Will FAA modernization bypass airports?

Streamlining the handling of air traffic without expanding airport facilities could lead to a backup of planes in the air and on the ground waiting for runway space.

So say a growing number of those otherwise in favor of a modernization plan being put forward by the Federal Aviation Administration (FAA). The plan ignores airport development, they say, and would divert funds from badly needed expansion and improvement of airports.

''The lack of attention to the need for more airport capacity is the weakest point in the plan,'' says Air Line Pilots Association spokesman John Mazor.

''It's the availability of concrete (runways) that really limits growth -- planes have to land somewhere,'' agrees Larry Jenney, who has been reviewing the FAA plan for the congressional Office of Technology Assessment.

Even FAA administrator J. Lynn Helms concurs that the lack of runway capability is the strongest limit on future aviation growth. But he talks of such options as setting quotas on and controlling the flow of plane traffic into airports.

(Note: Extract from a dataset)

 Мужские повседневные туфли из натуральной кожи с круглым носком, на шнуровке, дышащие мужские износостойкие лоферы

By far the loudest critic of the FAA plan is the Airport Operators Council International, an organization representing most of the cities and other governing bodies that own and manage US airports.

Traditional sources of funding for airports have become less reliable in recent years. The Airport and Airway Trust Fund, fed by passenger, fuel, and cargo ticket taxes, was originally set up to support airport development. But Congress hit a stalemate two years ago on the future direction and scope of airport development funds. Most of the aviation tax increase the Reagan administration now proposes would support the FAA modernization plan, not airport improvement. Airports in fiscal 1983 would receive only $450 million, or about two-thirds of their traditional allotment.

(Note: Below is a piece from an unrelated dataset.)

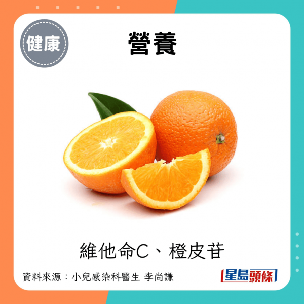 感冒吃橙,會否加重症狀?小兒感染科醫生李尚謙在其Facebook專頁發文指,雖然橙含有的檸檬酸有機會刺激呼吸道,不過如要真正「刺激」到呼吸道,其實需要攝取大量檸檬酸,一般人通常難攝取到這樣的份量。相反,橙含有豐富的維他命C、橙皮苷等營養,本身有促進免疫力及抗發炎的功效,因此,他建議感冒期間不妨多吃橙。

The Reagan administration has also talked of dropping about 70 of the largest airports from the trust fund altogether on the theory these large operations are able to generate their own revenue more easily. The airport operators group endorses that proposal on the grounds that the trust fund is no longer big enough to support all the airports. But it also wants Congress to lift the current prohibition against setting a local tax on airline tickets.

The airline industry, however, is vehemently opposed to the idea of allowing local ticket taxes.

''That's where the carriers and the operators part company,'' says Air Transport Association spokesman William Osmun. He says the airline industry favors keeping all airports in the federal funding system and increasing support.